Parágrafo único. O participante do PGD na modalidade teletrabalho que residir em local diverso da unidade de exercício não fará jus a reembolso de qualquer natureza ou a diárias e passagens referentes às despesas decorrentes de convocação eventual para comparecimento presencial à unidade de exercício.

Art. 43. O participante do PGD-Teletrabalho somente fará jus ao pagamento do auxílio-transporte nos casos em que houver deslocamentos de sua residência para o local de trabalho e vice-versa, nos termos da Instrução Normativa SGP/ME nº 207, de 21 de outubro de 2019.

Art. 44. Os casos omissos serão analisados pelo CAAPGD e encaminhados para decisão da autoridade máxima.

Art. 45. Ficam revogadas as Resoluções CEPEAD nº 2, de 18 de maio de 2022 e nº 6, de 5 de outubro de  2022.

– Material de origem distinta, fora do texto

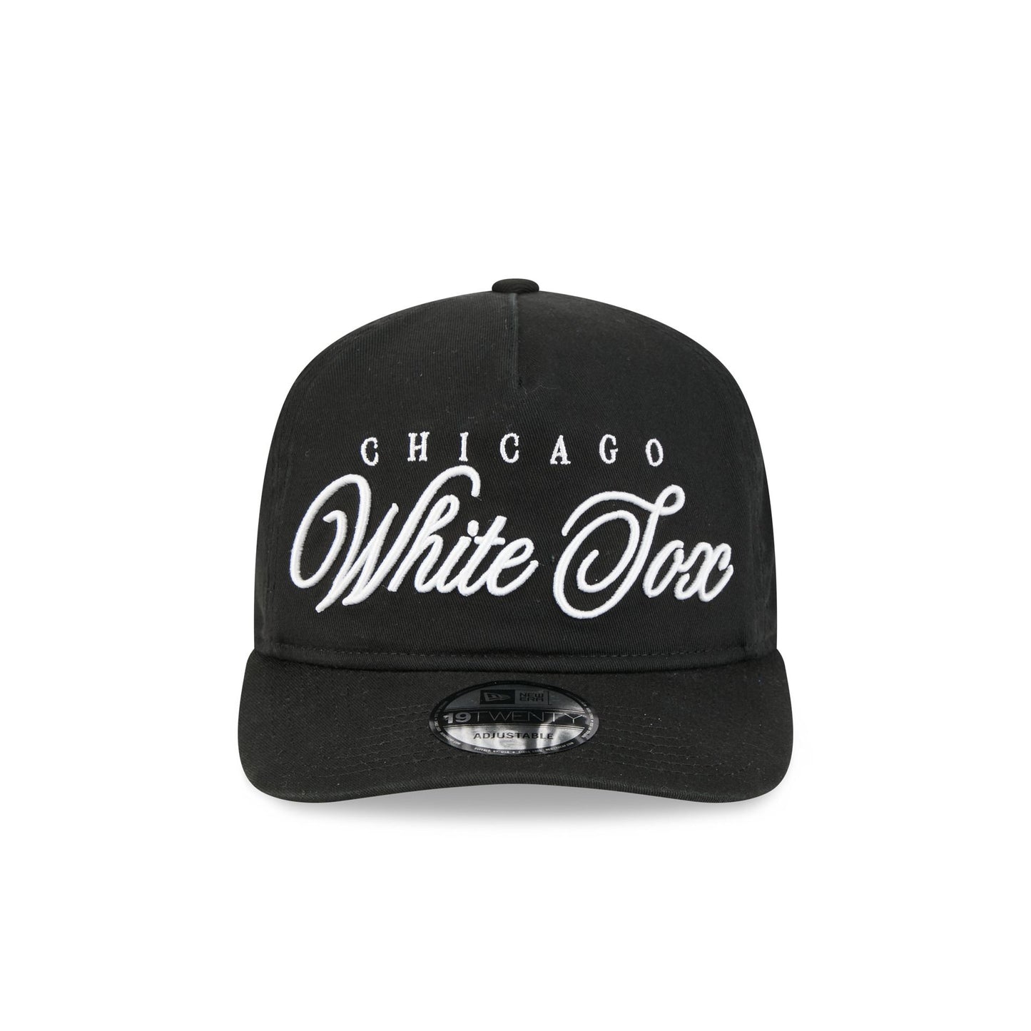 The Chicago White Sox Scripted 19TWENTY Adjustable Cap features an embroidered White Sox script wordmark at the front panels with a team logo at the right-wear side. Additional details include an adjustable snapback closure at the rear and a gray undervisor.

Art. 46. Esta Resolução entrará em vigor em 7 (sete) dias após a sua publicação no Diário Oficial da União.

Art. 47. Ficam convalidados todos os atos praticados a partir da data de publicação da Portaria MEC nº 1.087, de 31 de outubro de 2024.

II – Esta resolução entra em vigor na data de sua publicação no Boletim Interno de Serviços. (Incluido pela Resolução nº 3 de 09/07/2025)



Professor Edson da Costa Bortoni

Reitor

 

Aprovado pela Resolução CEPEAd nº 09, de 25/09/2024.

Publicado no BIS nº 43, de 30/09/2024, pág. 890.

Alterado pela Resolução CEPEAd nº 3, de 09/07/2025.

Publicado no BIS nº 32, de 14/07/2025, pág. 796.